More debt means more money wasted on interest charges.
Interest charges on the government credit card will cost $3.3 billion in 2023. That’s a cost of $620 for each British Columbian this year. And that’s billions of dollars that can’t be used to hire more nurses or lower taxes because it’s going to the bond fund managers on Bay Street. In fact, the $3.3 billion wasted on interest charges is more money than the government’s capital spending on health care.
With higher debt comes higher taxes. Unfortunately, for families already struggling to afford gasoline or groceries, the provincial carbon tax is again on the rise.
On April 1, the carbon tax will increase from 11 to 14 cents per litre of gasoline. In just seven years, the provincial carbon tax will cost more than 37 cents per litre, or about $29 to fuel up a minivan.
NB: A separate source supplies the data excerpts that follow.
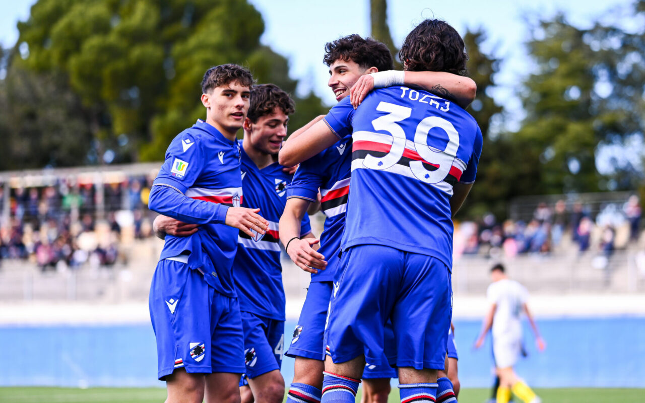Ennesimo rotondo successo per la Sampdoria di Tufano che al “Bibolini” di Lerici si impone 4-0 sulla Carrarese e accede ai quarti di finale della 73.a Viareggio Cup. Prima frazione equilibrata in cui le due squadre si fronteggiano su buoni ritmi. Blucerchiati insidiosi con Leonardi che in ben due circostanze, al 15’ e al 46’, chiama agli straordinari Gatti. Gialloblù invece pericolosi al 37’ con Prevedello che dalla distanza non sorprende Gentile e al 41’ con Tortelli che di testa centra un palo. Rientriamo in campo con maggior determinazione e al 15’ la sblocchiamo con il solito Leonardi che da posizione defilata insacca. Continuiamo a premere e al 21’ raddoppiamo con Portaccio che dal limite sferra una conclusione forte e precisa che si infila all’angolino. Quest’ultimo al 32’ si procura un calcio di rigore che Leonardi si incarica di realizzare per il 3-0. Nel finale, c’è tempo al 34′ per l’espulsione dell’ex Chaabti, autore di un fallo di reazione, e del secondo centro di Portaccio, che al 41’ fissa il punteggio sul definitivo 4-0. Testa ora a giovedì pomeriggio, quando scenderemo in campo nuovamente al “Bibolini” di Lerici (ore 15.00) per affrontare i campioni in carica del Sassuolo.
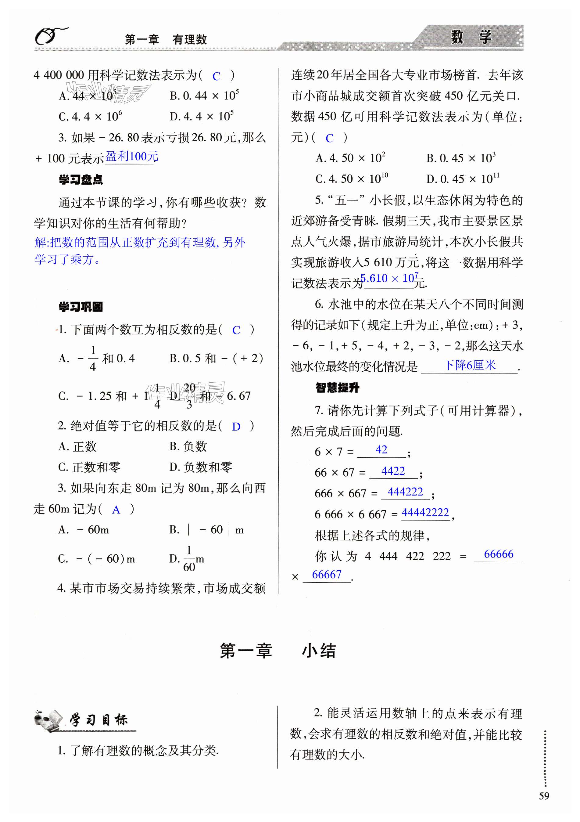 注:目前有些书本章节名称可能整理的还不是很完善,但都是按照顺序排列的,请同学们按照顺序仔细查找。练习册 2023年智慧学习导学练七年级数学上册人教版 答案主要是用来给同学们做完题方便对答案用的,请勿直接抄袭。
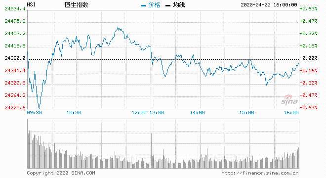 外圍股市今早普遍高開低走,港股方面跟隨走勢(shì),恒指高開逾百點(diǎn)后窄幅上落,匯控(00005)下周二(28日)公布首季業(yè)績(jī),刺激股價(jià)曾升1%重返40元;另外重磅股中移動(dòng)(00941)股價(jià)同樣造好,令大市跌幅收窄.另外,新地(00016)盤中曾跌3%,有媒體報(bào)道指,今年1月至今新盤市場(chǎng)累錄約103宗撻訂,影響地產(chǎn)股氣氛.最終恒指收?qǐng)?bào)24330點(diǎn),跌49點(diǎn)或跌0.21%,主板成交898.46億元.國(guó)企指數(shù)報(bào)9824點(diǎn),升9點(diǎn)或升0.09%。

And unlike other provinces, B.C. has two provincial carbon taxes. B.C.’s second carbon tax is buried within fuel regulations and costs taxpayers an extra 17 cents per litre of gasoline. Combined, the two provincial carbon taxes will cost about 31 cents per litre of gasoline as of April.
The government acknowledges the carbon tax disproportionately hurts the people who can least afford it.
“Single-income, female-led households have a higher carbon tax burden,” according to Budget 2023. “Rural communities may have higher indirect carbon tax burdens (e.g., through higher shipping costs resulting in a higher price of goods), and colder regions of the province may have higher carbon tax costs for home heating.”
Times are tough. And the carbon tax is making these tough times tougher by raising the cost of necessities, like driving to work, filling the fridge and heating our homes.
Eby’s financial mismanagement is a result of overspending.
Last year’s budget forecasted spending to total $71 billion by the end of the 2022 budget year. Budget 2023 shows that spending will now reach $74.4 billion. That means the government spent $3.4 billion over its own budget.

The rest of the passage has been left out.